Carlson and Hopper offered their side of the story in statements. Twenty-two state pageant reps responded by signing a “vote of no confidence” petition calling for the entire board to resign. Thirty formers signed another letter in support of Carlson and the board (at least one woman reneged her signature, claiming she did not get a chance to review the letter). Every other day, it seemed, some new grievance appeared in print either from a former winner or a state affiliate, none of them about the changes that had been made to the pageant itself apparently, but the inner workings of the organization that had previously been invisible to the public.


And then Cara Mund, Miss America 2017, delivered the pièce de résistance on August 17, less than a month before the telecast was scheduled to air. In a five-page open letter addressed to former winners, Mund accused Carlson and Hopper’s team of bullying her by boxing her out of interviews, assigning her pre-determined talking points (example: “Miss America is relevant”), and making disparaging comments about her clothes.

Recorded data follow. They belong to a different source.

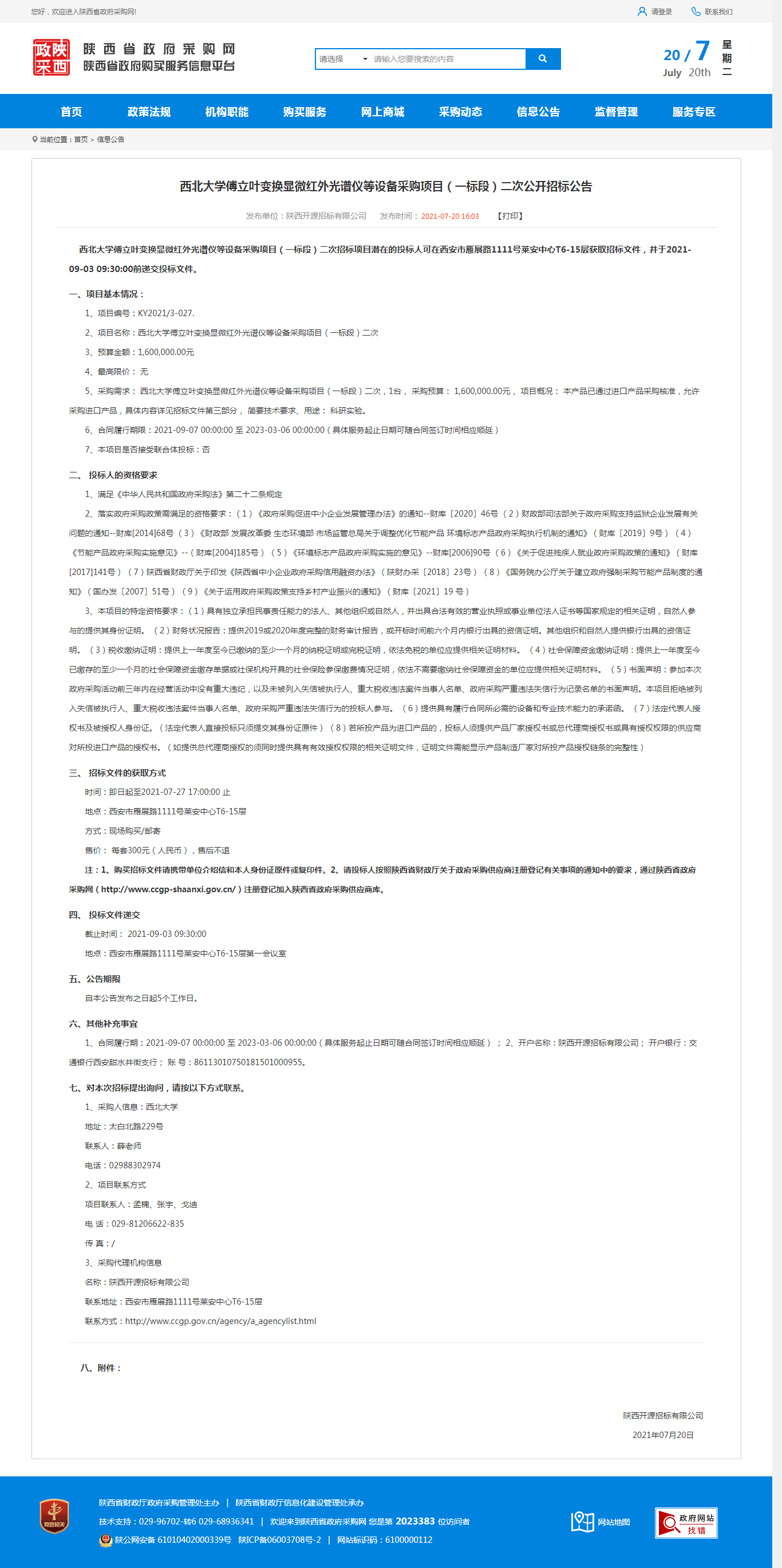 开云手机网页版登录入口傅立叶变换显微红外光谱仪等设备采购项目(一标段)二次公开招标公告 作者: 编辑:采购与招标办公室 时间:2021-07-20 原公告地址:http://www.ccgp-shaanxi.gov.cn/notice/noticeDetail.do?noticeguid=8a85be337a79620e017ac245c8027b46
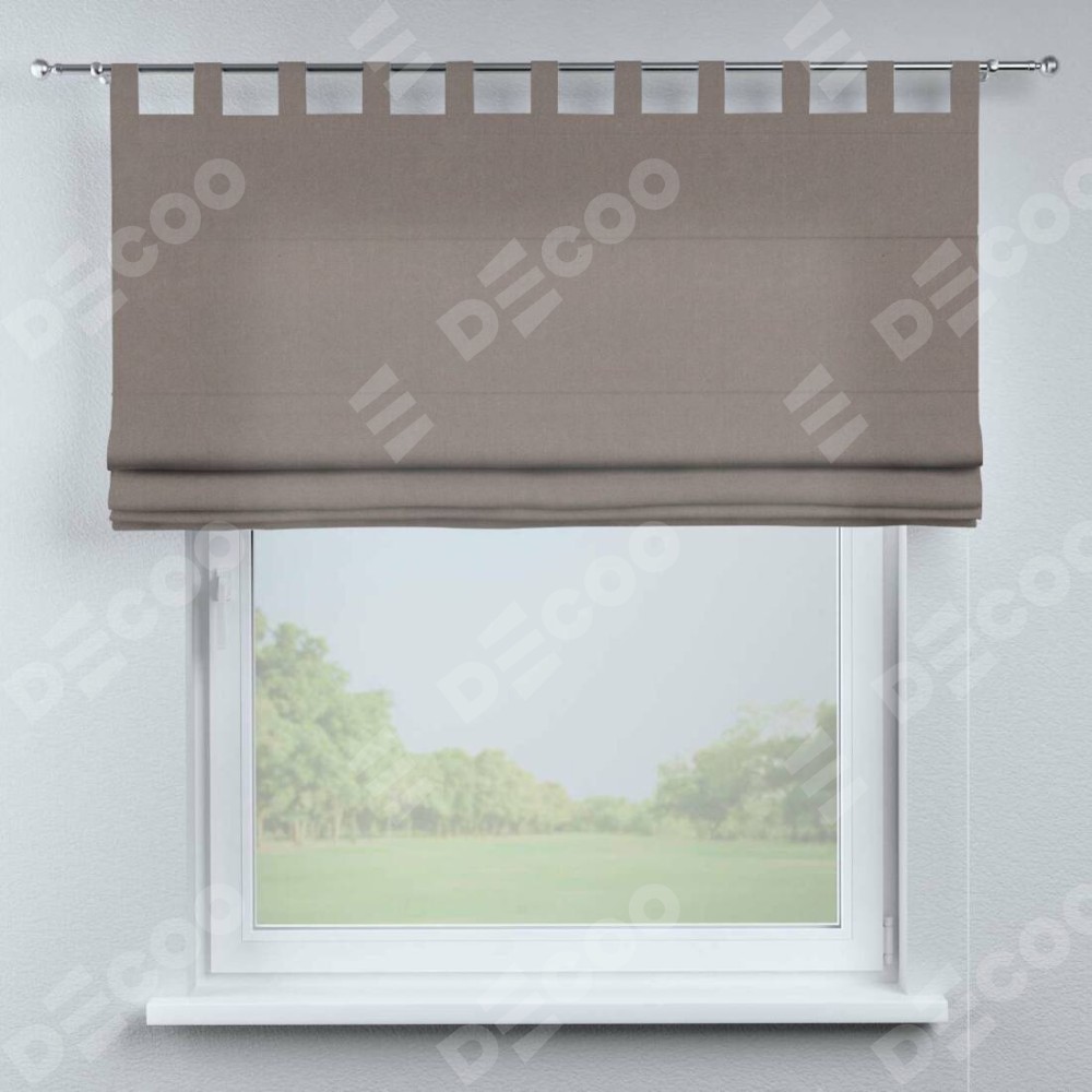Римская штора производителя «Cortin», используется для проёма, пошита из ткани вельвет тёмно-бежевый, артикул ткани 82527. Данная модель пошита на петлях, комплектуется на выбор круглым карнизом и подходит для монтажа на стену. Римская штора на петлях имеет простую систему регулировки высоты, отличительным преимуществом данной модели является простой способ монтажа. Достаточно повесить ее на трубу и штора готова!
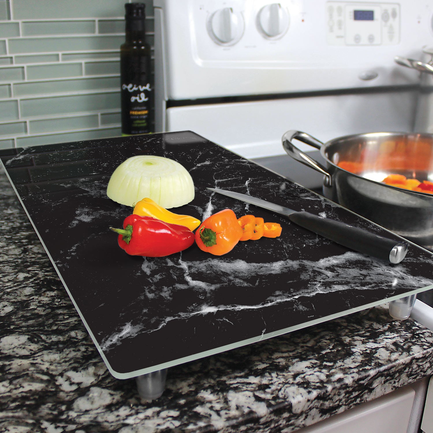 Black Marble 5mm Tempered Glass Cutting Board/Instant Counter 20.5” x 11.75” Manufactured in the USA
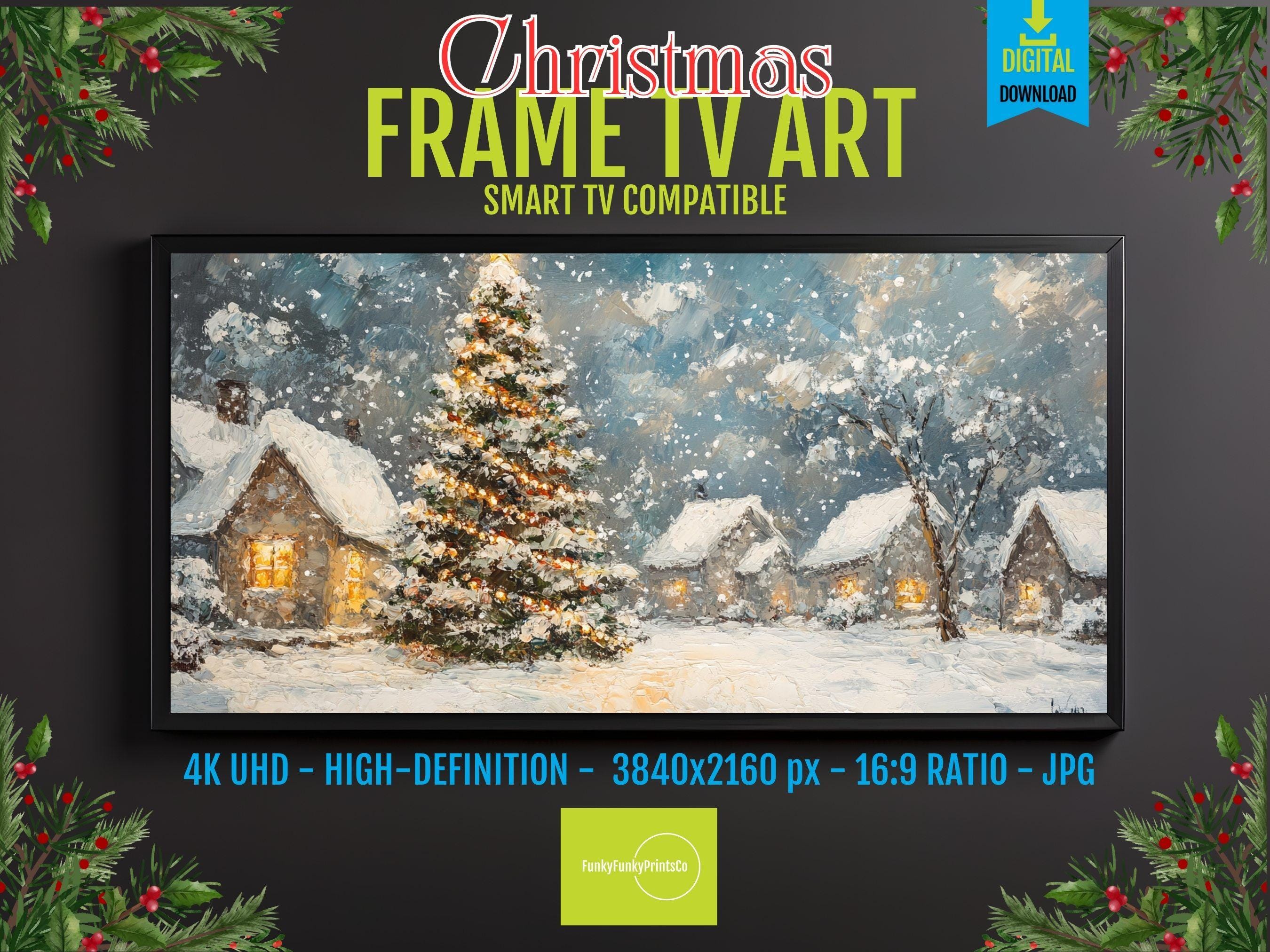 Transform your living space with this glowing tree art designed specifically for Samsung Frame TVs, bringing a warm winter ambiance right into your cozy living room. This festive holiday digital artwork captures the magic of the season with vibrant 4K HD quality, perfectly optimized for a 16:9 aspect ratio. Whether you're looking to enhance your holiday decor or add a rustic holiday charm, this smart TV screensaver offers an elegant and inviting seasonal display.
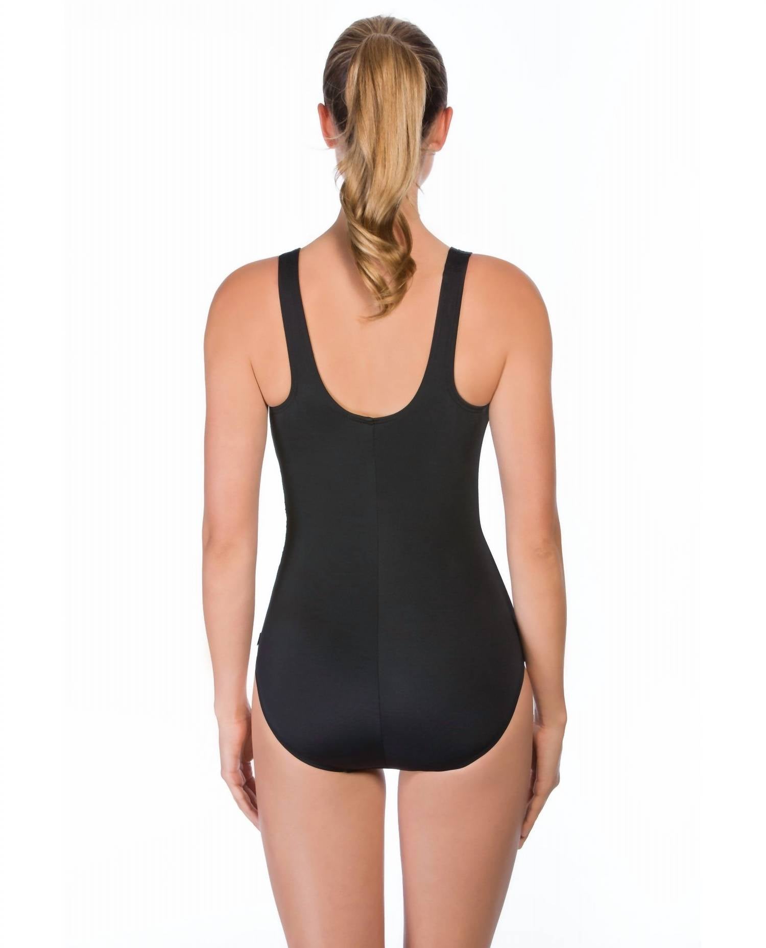 A one piece so chic you could even wear it as a bodysuit with your favorite pair of jeans. Elevate your swimwear collection with the Pretty Pleatz High Neck One Piece Swimsuit by Reebok, designed in a striking black and white patterned style. This women's swimsuit offers full coverage with a stylish high neck, making it both elegant and practical. Made with an 80% nylon and 20% lycra blend, it ensures a comfortable fit and durability. Ideal for those looking for a chic and functional one-piece option for the water.
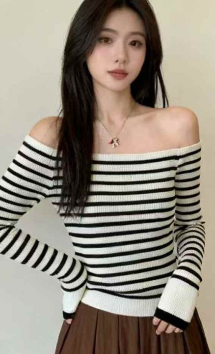 秋季新品法式条纹辣妹露肩一字肩高级感套头毛衣,独立包装,均码面料柔软舒...
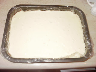 Se lasa la rece si se prepara intre timp ciocolata alba, din ingredientele ramase, in acelasi mod ca si cea neagra. Cand este gata, se toarna in tava
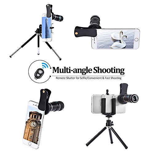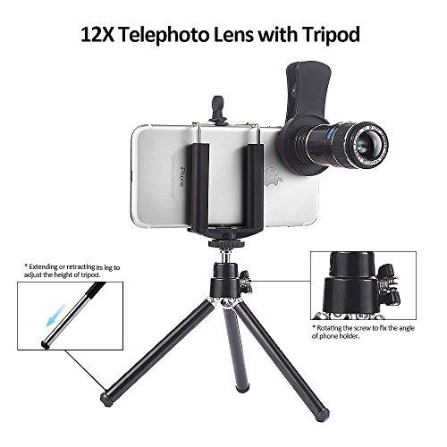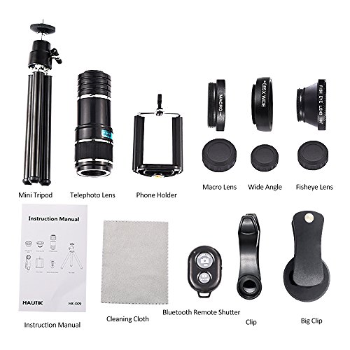 What you get? 1x 12x telephoto lens 1x 0.65x wide angle lens 1x macro lens 1x 180 degree fisheye lens 4x caps 1x cleaning cloth 1x big clip 1x small clip 1x Bluetooth remote shutter 1x tripod 1x user manual 1x pouch

Carlson, addressing Mund directly in a statement posted to Twitter, denied the accusations and said that sponsors had dropped out because of her actions. Pageant message boards erupted, and titleholders took to morning programs as a show of support. Nineteen formers called for the board’s resignation, with a special focus on Carlson.



Finalists in the 1935 Miss America Pageant participate in the swimsuit competition portion in front of a row of judges in Atlantic City. From Hulton Archive/Getty Images.


ABC, which has aired the pageant since 2011 and whose contract is up this year, has not responded to the internal turmoil (ABC declined to comment for this piece). But what was already going to be a high-stakes year for Miss America has now become much more dramatic, with much of the pageant community allied against the people who have tried to update it—and, by doing so, maybe save it.


So far, Hopper, Carlson, and the rest of the board have resisted the call to step down. But spending their days addressing whatever new crisis pops up from state affiliates or titleholders does not leave a lot of extra time to meet production needs. With 10 days until Carlson and Hopper’s Miss America attempts to prove its relevance to the world, everything depends on the women at the heart of the program—the Miss America hopefuls who actually get to speak for it on television.